Lannister ergriff ihre Hand und drückte sie.»Ich bin nur ein kleiner Löwe, Kind, und ich schwöre, daß ich nicht über Euch herfallen werde. «Er verneigte sich und fügte hinzu:»Doch nun müßt Ihr mich entschuldigen. Ich habe eine dringliche Angelegenheit mit der Königin und ihrem Rat zu besprechen.«
Sansa blickte ihm nach. Sein Körper schwankte bei jedem Schritt grotesk von einer Seite zur anderen. Er spricht freundlicher als Joffrey, dachte sie; aber die Königin hat auch freundlich mit mir geredet. Dennoch bleibt er ein Lannister, ist er doch ihr Bruder und Joffs Onkel. Und kein Freund. Einst hatte sie Prinz Joffrey von ganzem Herzen geliebt und bewundert, und seiner Mutter, der Königin, vertraut. Diese Liebe und dieses Vertrauen hatten sie ihr mit dem Kopf ihres Vaters vergolten. Diesen Fehler würde Sansa niemals wieder begehen.

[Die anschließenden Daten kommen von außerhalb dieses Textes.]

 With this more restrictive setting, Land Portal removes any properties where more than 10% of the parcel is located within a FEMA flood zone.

Im weißen Gewand der Königsgarde erweckte Ser Mandon Moore den Eindruck eines Toten im Leichenhemd.»Ihre Gnaden hat angeordnet, die Ratssitzung nicht zu stören.«
«Ich würde nur ein kleines bißchen stören, Ser. «Tyrion ließ das Pergament aus dem Ärmel gleiten.»Ich trage einen Brief von meinem Vater, Lord Tywin Lannister, der Rechten Hand des Königs, bei mir. Hier seht Ihr das Siegel.«
«Ihre Gnaden wünscht nicht gestört zu werden«, wiederholte Ser Mandon langsamer, als sei Tyrion zu dumm, um ihn beim ersten Mal verstanden zu haben.

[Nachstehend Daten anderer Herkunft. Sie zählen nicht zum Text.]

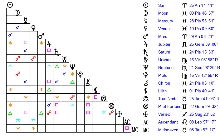 | Venus | 10 Pisces 10 | 24 Pisces 54 | 16 Taurus 11 |

Jaime hatte ihm einmal erzählt, Moore sei der gefährlichste Mann der Königsgarde — sich selbst ausgeschlossen — , weil seine Miene nie auch nur einen kleinen Hinweis darauf gab, was er als nächstes tun würde. Tyrion hätte einen solchen Hinweis jetzt begrüßt. Bronn und Timett könnten den Ritter vermutlich töten, falls die Sache mit Schwertern ausgetragen werden mußte, aber es würde nichts Gutes bedeuten, wenn er anfinge, Joffreys Beschützer niederzumetzeln. Und doch, ließ er sich von diesem Mann abweisen, wo blieb dann seine Autorität? Er setzte ein Lächeln auf.»Ser Mandon, Ihr habt meine Begleiter noch nicht kennengelernt. Dies ist Timett, der Sohn des Timett, eine Rote Hand, der Burned Men. Und dies ist Bronn. Möglicherweise erinnert Ihr Euch an Ser Vardis Egen, der Hauptmann von Lord Arryns Leibgarde war?«
«Ich kenne den Mann. «Ser Mandons Augen waren leblos.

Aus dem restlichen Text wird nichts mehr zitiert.